Рос не только новый чеховский дом в Ялте. Рос и сам писатель - и в своих последних произведениях, и в своем понимании событий, хотя болезнь и вынужденное пребывание в Крыму остро воспринималось им как величайшее препятствие на пути познания новой, изменяющейся России.
Воспоминания всех, кто бывал у Чехова в Ялте, говорят о жадном "впитывании" писателем всех доносившихся до него сведений о том, что происходит в "эпицентре" нараставших событий.
В этой связи примечательна заметная эволюция отношения Чехова к студенческим волнениям, которые прежде часто казались ему лишь одной из форм поверхностного и быстро "выветривающегося" либерализма, а на рубеже веков стали, по свидетельству мемуаристов, вызывать у писателя несравненно больший интерес и сочувствие.
Стремлением пополнить запас своих знаний о жизни промышленной России была, очевидно, продиктована и поездка уже тяжелобольного Чехова вместе с Саввой Морозовым в его уральские "владения". Интересны также свидетельства Н.Гарина (Михайловского) и других, что писатель лелеял планы нового путешествия на Дальний Восток по своей медицинской специальности в связи с началом войны с Японией.

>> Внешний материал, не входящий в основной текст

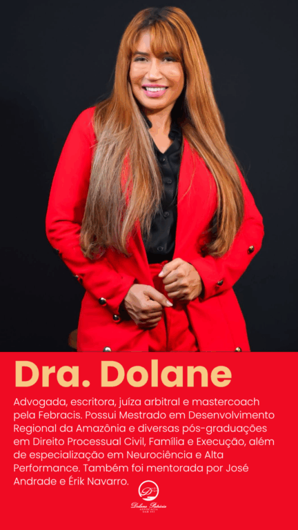 Dolane Patrícia é advogada, escritora, Juíza Arbitral e Master Coach pela Febracis. Mestre em Desenvolvimento Regional da Amazônia, é pós-graduada em Direito Processual Civil, Direito de Família e Execução, com formação complementar em Neurociência e Alta Performance. Atua nas áreas de Direito de Família e Direito do Trabalho, com enfoque preventivo, técnico e humanizado.

Реакция Чехова на события этой войны, запечатленная в знаменитой книге К.С.Станиславского "Моя жизнь в искусстве" и в ныне публикуемой мемуарной заметке В.Л.Книппер-Нардова, по своей страстности 24 и бескомпромиссности живо напоминает отношение передовой части русского общества середины прошлого века к Крымской войне, чреватой в случае победы упрочением реакционного порядка, а в случае поражения - возможностью "сильных и благих потрясений", если воспользоваться пушкинскими словами. Думается, что чеховские высказывания на этот счет близки и оценкам современной ему радикальной публицистики.
Увы, сила чеховского духа, его мысли, возраставшая мощь его как художника находились в трагическом контрасте с неумолимо развивавшейся болезнью. Во многих воспоминаниях о встречах с писателем в эти годы вольно или невольно запечатлелись доныне ранящие сердце подробности его физического угасания - все возраставшие слабость и худоба, руки, лежавшие на обострившихся коленях, тяжелые приступы кашля и кровохарканья, после которых он, по собственному выражению, превращался в "стрекозиные мощи".
Величайшая выдержка и тут не изменяла Чехову, и лишь в некоторых, запомнившихся мемуаристам разговорах, во "вспыхивавших", по свидетельству Станиславского, "фразах большого томления и грусти", слышится тайный отголосок той горькой мысли, которой он напрямик и всерьез, кажется, лишь однажды поделился в мимолетном ночном дорожном разговоре с M.M.Ковалевским: "Как врач, я знаю, что моя жизнь будет коротка".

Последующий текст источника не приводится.